Cores e sons, em certo sentido, não pertencem ao mesmo género: cores e formas visíveis são espécies do género visão e sons e silêncio são espécies do género audição. Mas, na verdade, sendo árvore e homem espécies do género ser vivo, podemos detectar uma analogia de forma entre ambas: as raízes da árvore são análogas aos pés do homem, o tronco da árvore é análogo às pernas e ao tronco do homem, os ramos são análogos aos braços, a copa é análoga à cabeça. Assim, neste caso, a analogia instala-se no seio do género e não está acima dele.
Mas há, certamente, analogia entre géneros como, por exemplo, a analogia entre o género "ser" (ontologia) e o género "conhecer" (gnosiologia).
O SOL E A ECLÍPTICA, CAUSAS DO HOMEM, NÃO TÊM FORMA?
Como causas do homem, Aristóteles aponta os elementos, a forma ou essência, o pai e a mãe, o sol e a roda das constelações atravessada pela trajectória aparente do sol designada por eclíptica:
«Assim, do homem, são causa os elementos - fogo e água enquanto matéria - e a forma própria e também algum agente exterior como o pai; e além de tais coisas, o sol e a eclíptica, os quais não sendo matéria nem forma nem privação, nem sendo da mesma espécie são, sem embargo, produtores de movimento»

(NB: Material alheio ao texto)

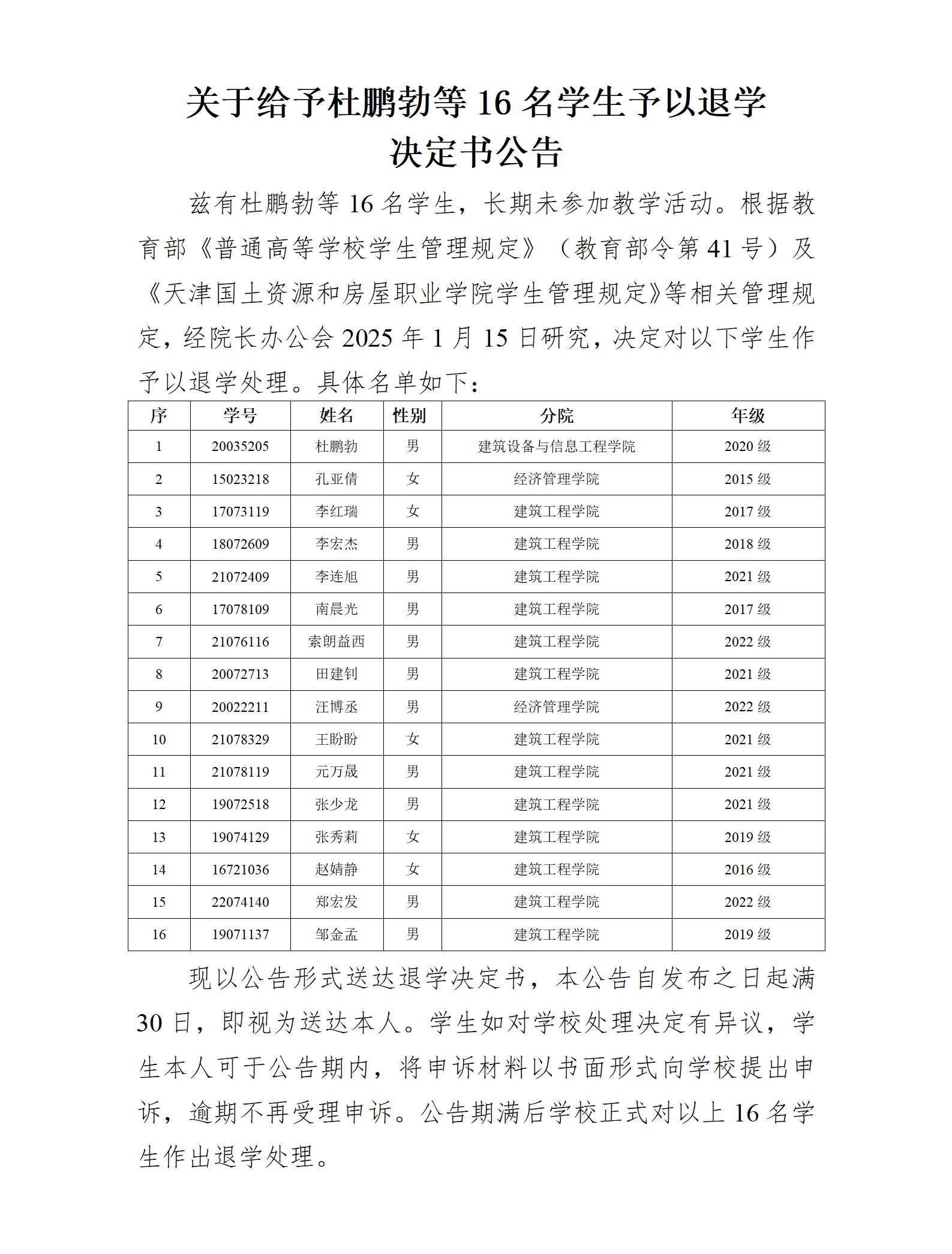 关于给予杜鹏勃等16名学生予以退学决定书公告

«Além do mais, há-de observar-se que algumas coisas podem enunciar-se universalmente, mas outras não. Os princípios imediatos de todas as coisas são o isto primeiro em acto e outra coisa que está em potência. Portanto, aqueles universais não existem, já que o indivíduo é princípio dos indivíduos.»
( Aristóteles, Metafísica, livro XII, 1071 a, 10-20; o destaque a bold é da minha autoria).

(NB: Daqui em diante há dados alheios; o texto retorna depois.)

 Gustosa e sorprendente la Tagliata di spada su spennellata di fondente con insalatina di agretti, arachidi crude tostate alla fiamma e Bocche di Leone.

Nestes excertos, Aristóteles frisa a primazia do individual concreto sobre o universal. Ao dizer que os universais não existem, Aristóteles está a criticar a teoria das Ideias em Platão segundo a qual, por exemplo, a Ideia de Homem - uma forma imutável, eterna e perfeita de homem - existe separada, num mundo inteligível, supra-terreno.
Mas questionemos o que Aristóteles escreve sobre o sol. Este tem forma circular e matéria ígnea - aliás, matéria etérea ou quinta essência no sistema aristotélico, se não erro. Como pode Aristóteles negar forma ao sol? E como pode algo sem forma nem matéria produzir movimento, exceptuando Deus, o pensamento imóvel e eterno? E a eclíptica ou trajectória aparente do Sol não tem forma ou é uma forma sem matéria em permanente actualização?
Suponho que Aristóteles nega que o sol e a eclíptica tenham forma comum (eidos) ou essência mas não nega que possuam forma ou configuração individual.
É de salientar que ao dizer que o sol e a eclíptica são causas do homem e produtores do movimento Aristóteles pode estar a querer significar que há um determinismo astral, solar e zodiacal, na vida do homem: o nascimento, o crescimento, a estabilização na maturidade, do homem - e quiçá as suas acções ou grande parte destas - são geradas pelo movimento do sol na eclíptica e pelos graus desta (graus do Zodíaco).